As light carries momentum, but no mass, we may also be able to continuously power a focused light beam, such as a laser. The required power would be collected from the sun, and no Earth mass would be consumed. Even using the enormous 100GW laser plant envisaged by the Breakthrough Starshot project, which aims to propel spacecraft out of the solar system to explore neighbouring stars, it would still take three billion billion years of continuous use to achieve the orbital change.

But light can also be reflected directly from the sun to the Earth using a solar sailstationed next to the Earth. Researchers have shown that it would need a reflective disc 19 times bigger than the Earth’s diameter to achieve the orbital change over a timescale of one billion years.

Interplanetary billiard

A well-known technique for two orbiting bodies to exchange momentum and change their velocity is with a close passage, or gravitational slingshot. This type of manoeuvre has been extensively used by interplanetary probes. For example, the Rosetta spacecraft that visited comet 67P in 2014-2016, during its ten-year journey to the comet passed in the vicinity of the Earth twice, in 2005 and 2007.

As a result, the gravity field of the Earth imparted a substantial acceleration to Rosetta, which would have been unachievable solely using thrusters. Consequently, the Earth received an opposite and equal impulse — although this did not have any measurable effect due to Earth’s mass.

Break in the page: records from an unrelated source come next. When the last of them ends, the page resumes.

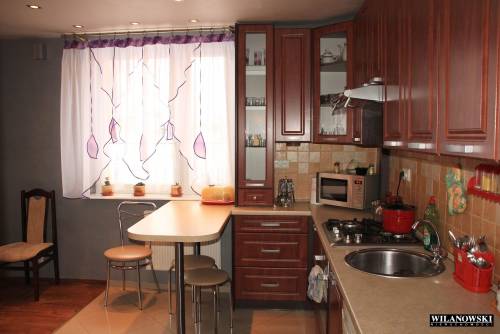Wnętrze domu po generalnym remoncie. Na podłodze panele/terakota, ściany w gładziach gipsowych i glazurze, schody prowadzące na piętro ? drewniane, podwieszane sufity z oświetleniem punktowym, ogrzewanie podłogowe (w kuchni, łazience, korytarzu, wiatrołapie), nowa instalacja elektryczna, grzewcza i hydrauliczna.
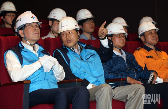 박원순 서울시장이 13일 서울 송파구 신천동 제2롯데월드 신축공사 현장을 방문해 관계자의 설명을 듣고 있다.
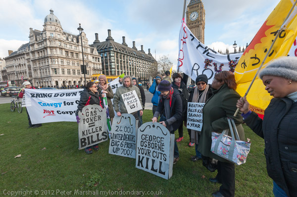 Kick Nuclear with Fukishima flags and a large banner 'Climate Change: Deadlier than the Defecit'

But what if we could perform a slingshot, using something much more massive than a spacecraft? Asteroids can certainly be redirected by the Earth, and while the mutual effect on Earth’s orbit will be tiny, this action can be repeated numerous times to ultimately achieve a considerable Earth orbit change.

Some regions of the solar system are dense with small bodies such as asteroids and comets, the mass of many of which is small enough to be moved with realistic technology, but still orders of magnitude larger than what can be realistically launched from Earth.

With accurate trajectory design, it is possible to exploit so-called “Δv leveraging” — a small body can be nudged out of its orbit and as a result swing past the Earth, providing a much larger impulse to our planet. This may seem exciting, but it has been estimated that we would need a million such asteroid close passes, each spaced about a few thousand years apart, to keep up with the sun’s expansion.